Александр Дюма - Графиня де Монсоро. Том 2
Герцог поморщился.
– А кроме того, – продолжал Бюсси, – подсчитайте ваши возможности, монсеньер, проверьте чресла свои, как говорится в Библии: есть у вас сто тысяч солдат, десять миллионов ливров, союзники за границей и, наконец, желаете ли вы пойти против вашего сеньора?
– Мой сеньор не стесняется идти против меня, – заявил герцог.
– А! С этой стороны вы правы. Тогда откройте свои намерения, заставьте возложить на вашу голову корону и присвойте себе титул короля Франции. Я ничего лучшего и не желаю, как видеть ваше возвышение! Ведь, если возвыситесь вы, с вами вместе возвышусь и я.
– Кто тебе сказал, что я хочу быть королем Франции? – с досадой возразил ему герцог. – Ты берешься решать вопросы, которые я никогда никому не предлагал решать, даже самому себе.
– В таком случае все ясно, монсеньер. Нам больше не о чем спорить, раз мы согласны в главном.
– Согласны?
– Так, по крайней мере, мне кажется. Пусть вам дадут роту гвардейцев и пятьсот тысяч ливров. Прежде чем подписать мир, потребуйте еще субсидию для Анжу, на случай войны. Получив субсидию, вы отложите ее про запас, это ни к чему не обязывает. Таким образом, у нас будут солдаты, деньги, сила, и мы сможем достигнуть.., бог знает чего!
– Но как только я попаду в Париж, как только они вернут меня, как только я снова окажусь у них в руках, они надо мной надсмеются, – сказал герцог.
– Полноте, монсеньер, вы сами в это не верите. Надсмеются над вами? Разве вы не слышали, что предлагает королева-мать?
– Она мне очень много предложила.
– Я понимаю, это вас и беспокоит?
– Да.
– Но среди прочего она предложила вам роту гвардейцев и даже под командованием Бюсси, если вы пожелаете.
– Да, она это предложила.
– Ну так вот, соглашайтесь, говорю вам: назначьте капитаном Бюсси, лейтенантами Антрагэ и Ливаро, а Рибейрака – знаменщиком. Предоставьте нам четверым сформировать эту роту по нашему разумению, и когда вы пойдете с таким эскортом, то увидите, отважится ли кто-нибудь, пусть даже сам король, посмеяться над вами или не поприветствовать вас.
– По чести, – сказал герцог, – я полагаю, ты прав, Бюсси. Я над этим подумаю.
– Подумайте, монсеньер.
– Да, но что ты читал так прилежно, когда я вошел?
– А! Простите, я совсем забыл, – письмо.
– Письмо?
– Которое для вас представляет еще больший интерес, чем для меня. Почему я вам его сразу не показал? Где была моя голова, черт возьми?
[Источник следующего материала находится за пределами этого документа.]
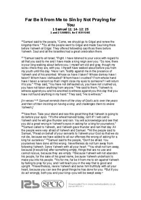 Far Be it from Me to Sin by Not Praying for You
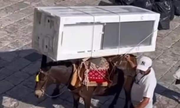 Άλλες εικόνες δείχνουν ένα ζώο να κουβαλάει βαριά ξύλα, ενώ ένας άλλος γάιδαρος φαίνεται να μεταφέρει ένα ψυγείο δεμένο στην πλάτη του.

– Какая-нибудь большая новость?
– О, бог мой, да, и даже печальная новость: граф Монсоро умер.
– Как вы сказали? – воскликнул герцог и вздрогнул от удивления. Не спускавшему с него глаз Бюсси показалось, что за этим удивлением промелькнула странная радость.
– Умер, монсеньер.
– Умер граф Монсоро?
– Ах, боже мой, да! Разве мы все не смертны?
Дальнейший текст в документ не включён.